= Task to complete =
Reproduce the listing in full, pictures excluded.

= Source records =

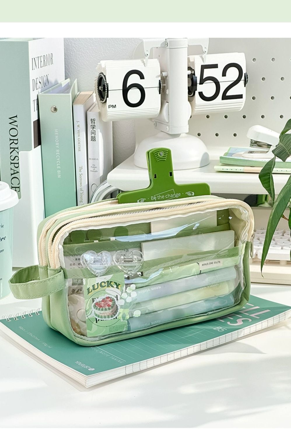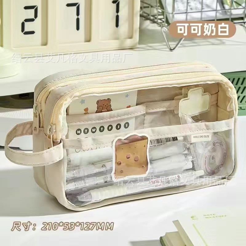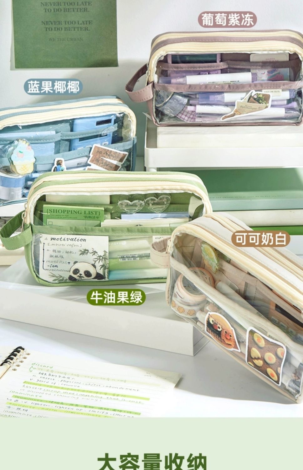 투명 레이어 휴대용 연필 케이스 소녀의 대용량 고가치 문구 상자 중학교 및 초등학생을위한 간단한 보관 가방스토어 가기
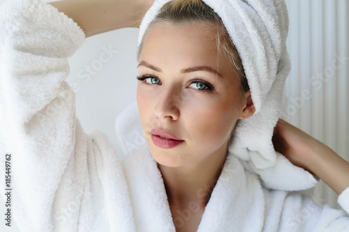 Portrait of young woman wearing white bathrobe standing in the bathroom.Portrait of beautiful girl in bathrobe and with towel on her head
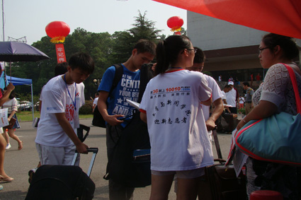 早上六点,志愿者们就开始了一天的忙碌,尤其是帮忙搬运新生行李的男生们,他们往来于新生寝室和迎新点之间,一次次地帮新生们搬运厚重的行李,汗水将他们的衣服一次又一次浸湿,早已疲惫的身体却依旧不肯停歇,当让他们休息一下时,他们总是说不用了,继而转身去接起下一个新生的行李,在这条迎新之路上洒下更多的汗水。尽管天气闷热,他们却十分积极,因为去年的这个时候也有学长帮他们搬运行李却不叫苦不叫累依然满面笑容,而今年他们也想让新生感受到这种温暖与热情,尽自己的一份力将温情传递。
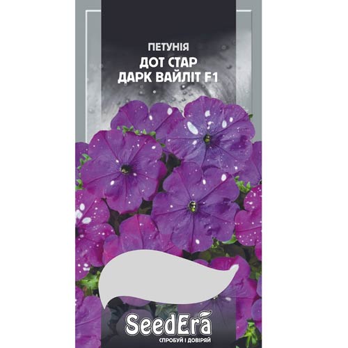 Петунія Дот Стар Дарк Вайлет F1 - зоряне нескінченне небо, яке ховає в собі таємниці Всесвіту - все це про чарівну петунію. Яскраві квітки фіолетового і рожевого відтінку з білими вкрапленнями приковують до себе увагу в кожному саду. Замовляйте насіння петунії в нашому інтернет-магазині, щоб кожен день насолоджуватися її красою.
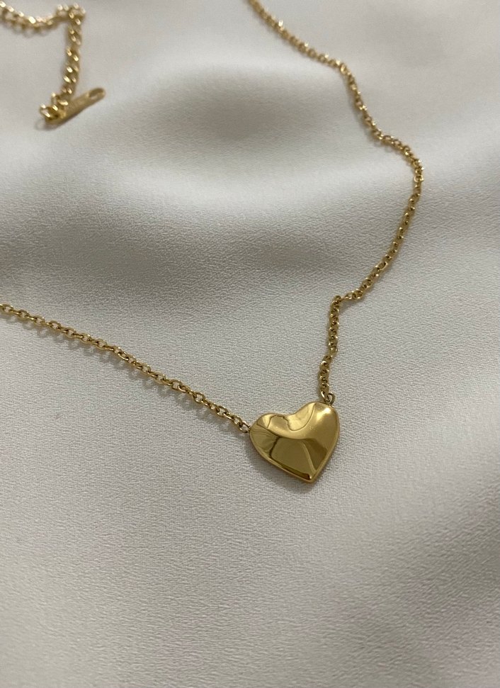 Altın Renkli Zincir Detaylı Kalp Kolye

= Task solution =
 투명 레이어 휴대용 연필 케이스 소녀의 대용량 고가치 문구 상자 중학교 및 초등학생을위한 간단한 보관 가방스토어 가기
 Portrait of young woman wearing white bathrobe standing in the bathroom.Portrait of beautiful girl in bathrobe and with towel on her head
 早上六点,志愿者们就开始了一天的忙碌,尤其是帮忙搬运新生行李的男生们,他们往来于新生寝室和迎新点之间,一次次地帮新生们搬运厚重的行李,汗水将他们的衣服一次又一次浸湿,早已疲惫的身体却依旧不肯停歇,当让他们休息一下时,他们总是说不用了,继而转身去接起下一个新生的行李,在这条迎新之路上洒下更多的汗水。尽管天气闷热,他们却十分积极,因为去年的这个时候也有学长帮他们搬运行李却不叫苦不叫累依然满面笑容,而今年他们也想让新生感受到这种温暖与热情,尽自己的一份力将温情传递。
 Петунія Дот Стар Дарк Вайлет F1 - зоряне нескінченне небо, яке ховає в собі таємниці Всесвіту - все це про чарівну петунію. Яскраві квітки фіолетового і рожевого відтінку з білими вкрапленнями приковують до себе увагу в кожному саду. Замовляйте насіння петунії в нашому інтернет-магазині, щоб кожен день насолоджуватися її красою.
 Altın Renkli Zincir Detaylı Kalp Kolye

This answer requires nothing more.